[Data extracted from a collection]
────────────────────────────────────────

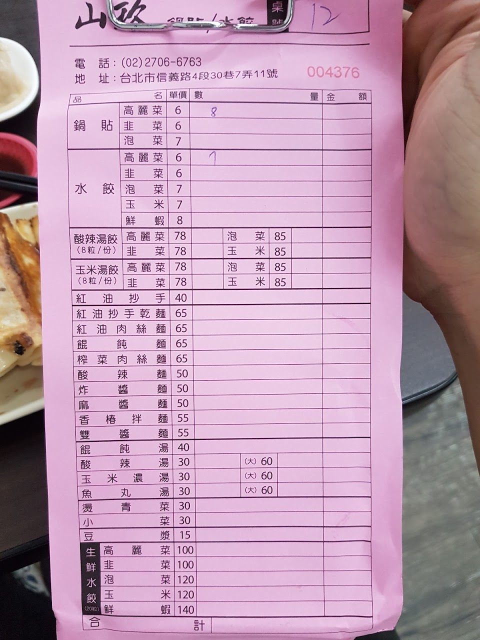 鍋貼水餃都好吃,酸辣湯讚,位置在巷子裡店面也不算多精緻,除了小菜東西真的不錯ㄘ。
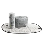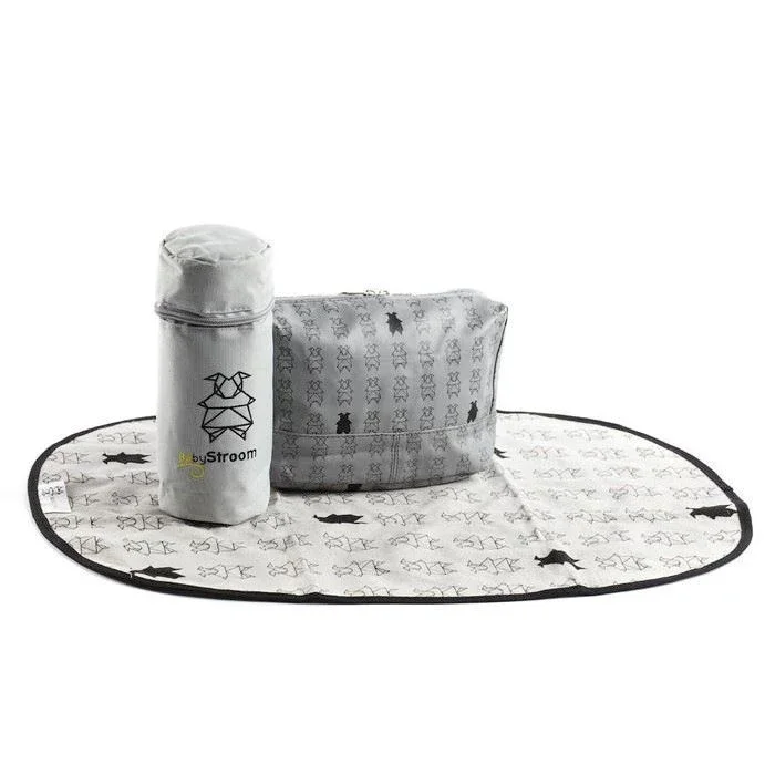 Indeholder underlag, toilettaske samt flaskeholder. Puslekittet er nemt at rengøre. Leveres i enkel unisex grå farve og er med som standard tilbehør i de fleste af byStrooms pusletasker.
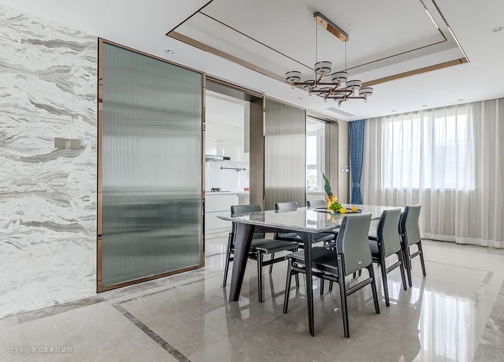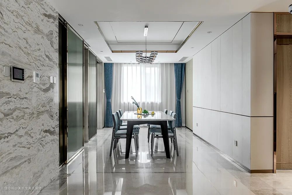 餐厅利用金属线条、灰色调餐桌椅、蓝色窗帘,在中式风格中,交织呈现出现代精致感。到顶门洞设计从视觉上增加了空间高度,两扇移门后藏着人间烟火气。
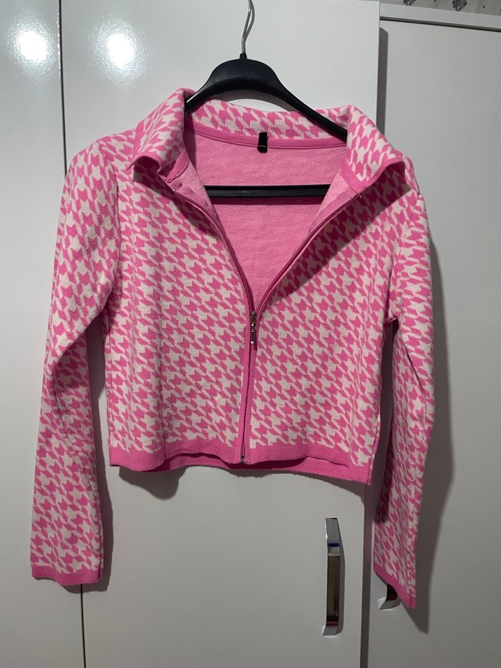 Dar kesim, uzun kollu, fermuarlı kadın ceketi. Pastel pembe kazayağı deseni ve yüksek yaka ile rahat ve şık bir sokak giyimi parçası.
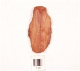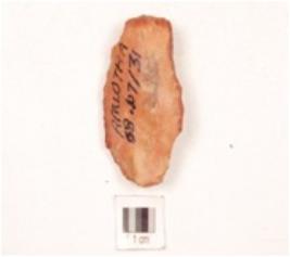 | Description / विवरण | A side scraper made on chert, ridge and flake scars on dorsal side, use wear marks on edges, diffused bulb on ventral side. |
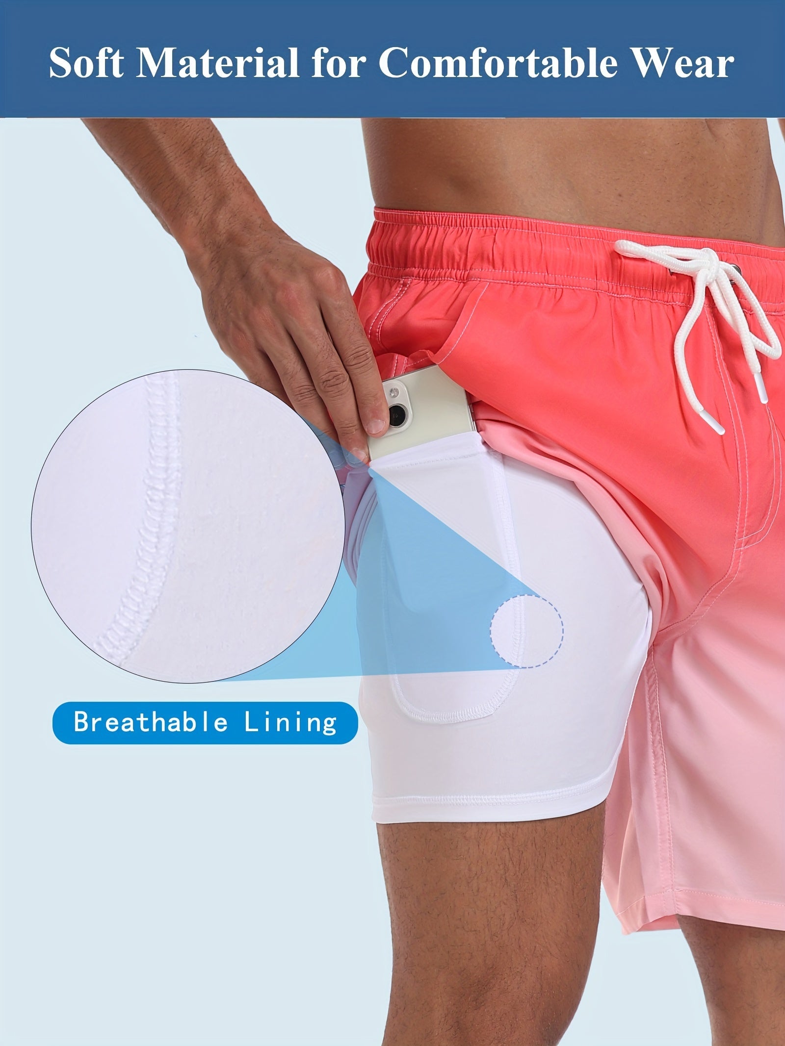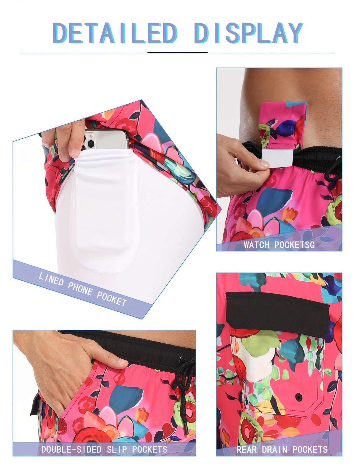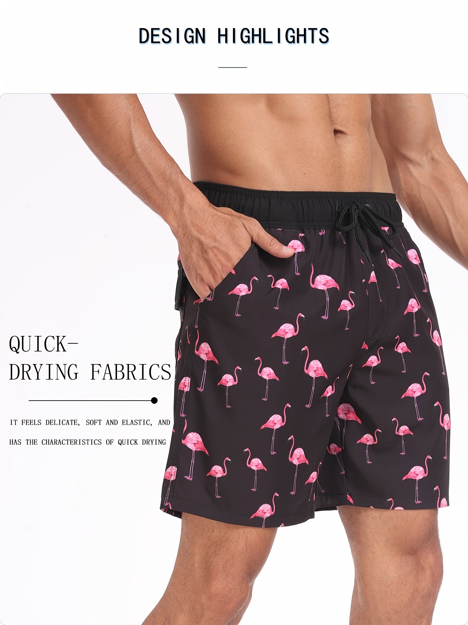 Men's Quick-Dry Beach Shorts with Tropical Palm Tree & Palm Leaf Print - Breathable Stretch Fabric for Summer, Outdoor, Hiking, Swimming - Machine Washable Casual Athletic Shorts, Outdoor Activewear, Summer Shorts
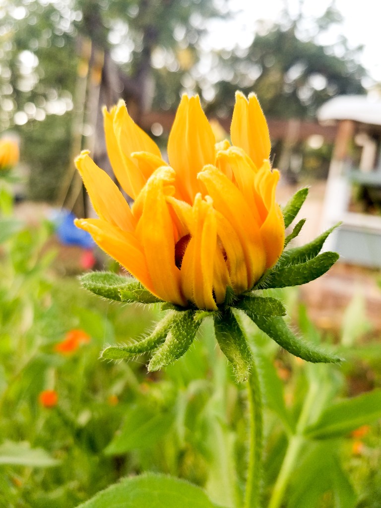 Since I’m no flower expert, I’ve learned to let thing go and grow. I’ve pulled some things much too soon, and I’ve been surprised by the best things too many times to swipe through my flowerbeds pulling at “weeds.” Was I tempted to pull up these leafy greens things? Yes. I even pulled out at least one to make room for zinnias because I had seen nothing come of this tall, leafy green thing and had no idea if anything would. It just kept getting bigger and taller and wider and had been growing since this March! Where was the “real” progress! Where was the flowering part?! Nowhere, that’s where. When do I pull this thing?!
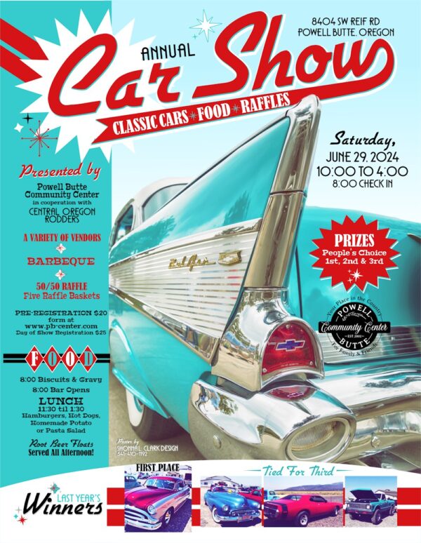 Annual Car Show June 29th, 2024 8:00am Check In Food, Raffel, BBQ Prizes People's Choice 1st, 2nd, & 3rd Pre-Registration $20 Day of Show $25
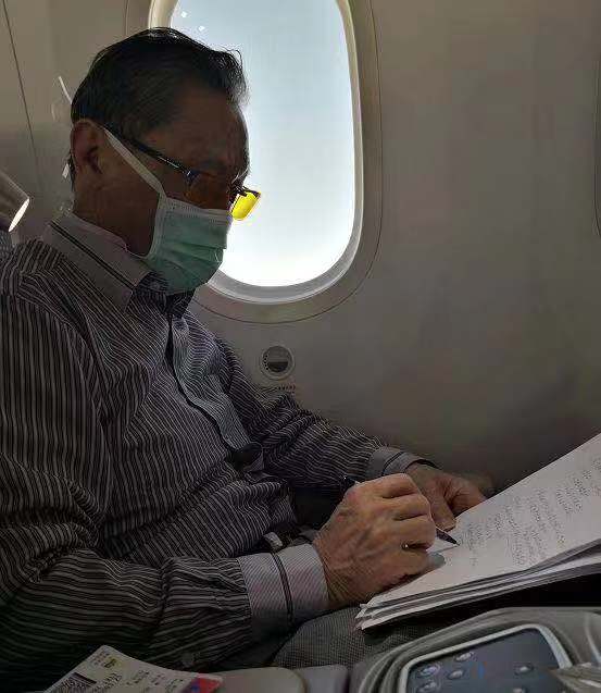 尽管一直都在马不停歇的工作、赶路、交流,但即使上了飞机,他依旧在坚持工作,研究危重病人的治疗方案,并认真做着记录。
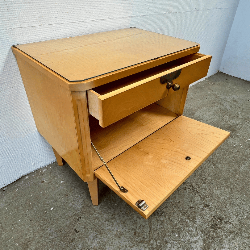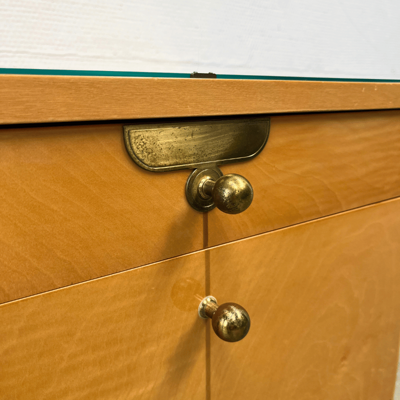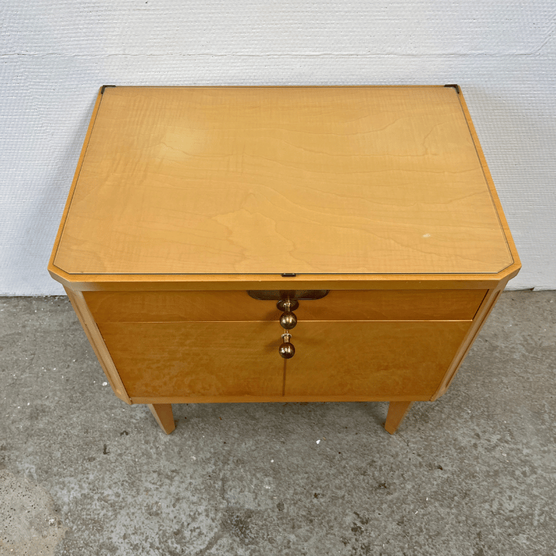Dit charmante klepkastje uit de jaren ’60 is een schoolvoorbeeld van mid-century modern design: strak, functioneel en met subtiele decoratieve accenten. Het kastje heeft slank toelopende pootjes en is uitgevoerd in lichtgekleurd houtfineer met een warme honingtoon en een zichtbaar nerfpatroon. De lade en het klepdeurtje zijn afgewerkt met ronde messing knoppen en een decoratief plaatje.
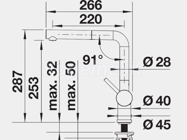 o 140° otáčateľný odtok vody
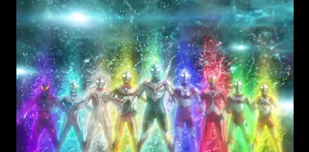 欧布接受银河,维克特利,艾克斯三个奥特曼的光之力量变成了欧布奥特曼——三位一体形态。
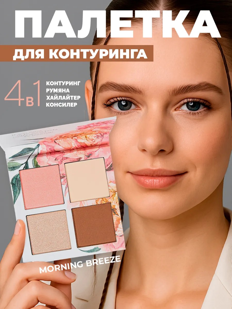 Компактная палетка контуринга для лица Landa Branda. Многофункциональный набор для контурирования лица, состоящий из 4 оттенков: бронзера, румян, пудры и хайлайтера. Каждый из элементов скульптора может наноситься самостоятельно и объединяться с другими. Бронзатор в натуральной цветовой гамме подчеркивает черты лица, оттачивает и делает их изящными. Румяна подчеркивают скулы, придают лицу свежий, юный вид. Сияющий, шиммерный хайлайтер с мелкими блестками, осветляет и наполняет кожу свечением. Пудра эффективно уменьшает жирный блеск, делая кожу гладкой и бархатистой. Удобно использовать в любой ситуации, обеспечивая свежий вид на долгое время. Продукт подходит для разных типов кожи и не сушит ее благодаря сбалансированному составу. Декоративная уходовая косметика для макияжа лица - палетка 4 в 1 предназначена для создания идеального макияжа и проработки черт лица. Макияжный набор для визажиста , относится к недорогой профессиональной и органической косметике. Все текстуры, входящие в косметический набор, легко растушевываются и позволяют создать невероятно эффектный макияж каждый день. Палетка подходит для профессионального и домашнего использования, для вечернего или нюдового дневного макияжа. Сухой контуринг позволит вам легко добиться эффекта скульптурирования и идеального контура лица, а сухой хайлайтер добавит естественное сияние. Матирующая пудра помогает создать естественный и ухоженный образ, сохраняя кожу матовой на протяжении всего дня. Текстура консилера мягкая, легко растушевывается и наслаивается, обеспечивая плавные переходы без резких линий. Мгновенный фотошоп эффект. Универсальная палетка благодаря матовому финишу, скрывает несовершенства и выравнивает тон. Формула разработана так, чтобы компоненты комфортно наносились и держались в течение всего дня. Есть аналоги в китайской и корейской косметике. Станет отличным подарком на день рождение, 8 марта или без повода, дочке, подруге, маме или девушке.
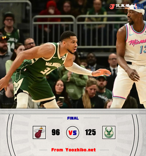 JRS直播网讯 1月24日讯 NBA常规赛,雄鹿客场挑战热火。雄鹿4连胜以24胜17负高居东部第4,热火21胜21负东部第9。本场比赛因天气原因被延迟1小时开赛,巴特勒被球队禁赛。一开场,雄鹿手感冰凉,热火打出13-3的攻势取得两位数领先,字母哥高效输出带队迅速迫近比分,次节雄鹿全面回暖,单节轰下44分净胜热火19分,利拉德1秒内连投带罚收获6分,半场战罢雄鹿71-55领先热火。下半场,双方命中率下降,得分都很困难,雄鹿率先回暖将分差拉开到20分以上,末节双方围绕20分的分差展开拉锯战,热火大势已去无力回天。最终,雄鹿125-96大胜热火,客场过关。
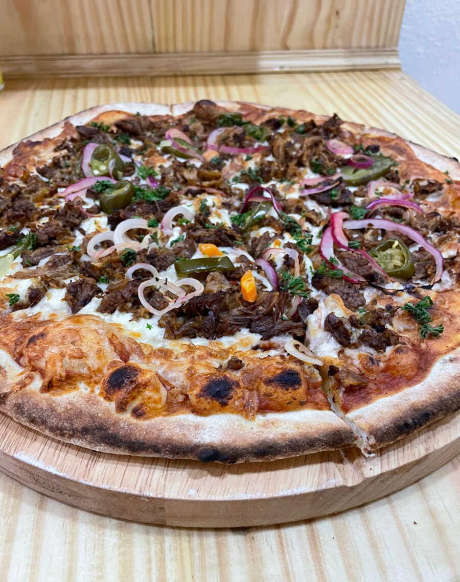 Birria, jalapeño, queso y nuestra deliciosa salsa para pizza.

────────────────────────────────────────

# Your objective
Exact copy, no pictures: reproduce every record as it stands.

# Task answer
 鍋貼水餃都好吃,酸辣湯讚,位置在巷子裡店面也不算多精緻,除了小菜東西真的不錯ㄘ。
 Indeholder underlag, toilettaske samt flaskeholder. Puslekittet er nemt at rengøre. Leveres i enkel unisex grå farve og er med som standard tilbehør i de fleste af byStrooms pusletasker.
 餐厅利用金属线条、灰色调餐桌椅、蓝色窗帘,在中式风格中,交织呈现出现代精致感。到顶门洞设计从视觉上增加了空间高度,两扇移门后藏着人间烟火气。
 Dar kesim, uzun kollu, fermuarlı kadın ceketi. Pastel pembe kazayağı deseni ve yüksek yaka ile rahat ve şık bir sokak giyimi parçası.
 | Description / विवरण | A side scraper made on chert, ridge and flake scars on dorsal side, use wear marks on edges, diffused bulb on ventral side. |
 Men's Quick-Dry Beach Shorts with Tropical Palm Tree & Palm Leaf Print - Breathable Stretch Fabric for Summer, Outdoor, Hiking, Swimming - Machine Washable Casual Athletic Shorts, Outdoor Activewear, Summer Shorts
 Since I’m no flower expert, I’ve learned to let thing go and grow. I’ve pulled some things much too soon, and I’ve been surprised by the best things too many times to swipe through my flowerbeds pulling at “weeds.” Was I tempted to pull up these leafy greens things? Yes. I even pulled out at least one to make room for zinnias because I had seen nothing come of this tall, leafy green thing and had no idea if anything would. It just kept getting bigger and taller and wider and had been growing since this March! Where was the “real” progress! Where was the flowering part?! Nowhere, that’s where. When do I pull this thing?!
 Annual Car Show June 29th, 2024 8:00am Check In Food, Raffel, BBQ Prizes People's Choice 1st, 2nd, & 3rd Pre-Registration $20 Day of Show $25
 尽管一直都在马不停歇的工作、赶路、交流,但即使上了飞机,他依旧在坚持工作,研究危重病人的治疗方案,并认真做着记录。
Dit charmante klepkastje uit de jaren ’60 is een schoolvoorbeeld van mid-century modern design: strak, functioneel en met subtiele decoratieve accenten. Het kastje heeft slank toelopende pootjes en is uitgevoerd in lichtgekleurd houtfineer met een warme honingtoon en een zichtbaar nerfpatroon. De lade en het klepdeurtje zijn afgewerkt met ronde messing knoppen en een decoratief plaatje.
 o 140° otáčateľný odtok vody
 欧布接受银河,维克特利,艾克斯三个奥特曼的光之力量变成了欧布奥特曼——三位一体形态。
 Компактная палетка контуринга для лица Landa Branda. Многофункциональный набор для контурирования лица, состоящий из 4 оттенков: бронзера, румян, пудры и хайлайтера. Каждый из элементов скульптора может наноситься самостоятельно и объединяться с другими. Бронзатор в натуральной цветовой гамме подчеркивает черты лица, оттачивает и делает их изящными. Румяна подчеркивают скулы, придают лицу свежий, юный вид. Сияющий, шиммерный хайлайтер с мелкими блестками, осветляет и наполняет кожу свечением. Пудра эффективно уменьшает жирный блеск, делая кожу гладкой и бархатистой. Удобно использовать в любой ситуации, обеспечивая свежий вид на долгое время. Продукт подходит для разных типов кожи и не сушит ее благодаря сбалансированному составу. Декоративная уходовая косметика для макияжа лица - палетка 4 в 1 предназначена для создания идеального макияжа и проработки черт лица. Макияжный набор для визажиста , относится к недорогой профессиональной и органической косметике. Все текстуры, входящие в косметический набор, легко растушевываются и позволяют создать невероятно эффектный макияж каждый день. Палетка подходит для профессионального и домашнего использования, для вечернего или нюдового дневного макияжа. Сухой контуринг позволит вам легко добиться эффекта скульптурирования и идеального контура лица, а сухой хайлайтер добавит естественное сияние. Матирующая пудра помогает создать естественный и ухоженный образ, сохраняя кожу матовой на протяжении всего дня. Текстура консилера мягкая, легко растушевывается и наслаивается, обеспечивая плавные переходы без резких линий. Мгновенный фотошоп эффект. Универсальная палетка благодаря матовому финишу, скрывает несовершенства и выравнивает тон. Формула разработана так, чтобы компоненты комфортно наносились и держались в течение всего дня. Есть аналоги в китайской и корейской косметике. Станет отличным подарком на день рождение, 8 марта или без повода, дочке, подруге, маме или девушке.
 JRS直播网讯 1月24日讯 NBA常规赛,雄鹿客场挑战热火。雄鹿4连胜以24胜17负高居东部第4,热火21胜21负东部第9。本场比赛因天气原因被延迟1小时开赛,巴特勒被球队禁赛。一开场,雄鹿手感冰凉,热火打出13-3的攻势取得两位数领先,字母哥高效输出带队迅速迫近比分,次节雄鹿全面回暖,单节轰下44分净胜热火19分,利拉德1秒内连投带罚收获6分,半场战罢雄鹿71-55领先热火。下半场,双方命中率下降,得分都很困难,雄鹿率先回暖将分差拉开到20分以上,末节双方围绕20分的分差展开拉锯战,热火大势已去无力回天。最终,雄鹿125-96大胜热火,客场过关。
 Birria, jalapeño, queso y nuestra deliciosa salsa para pizza.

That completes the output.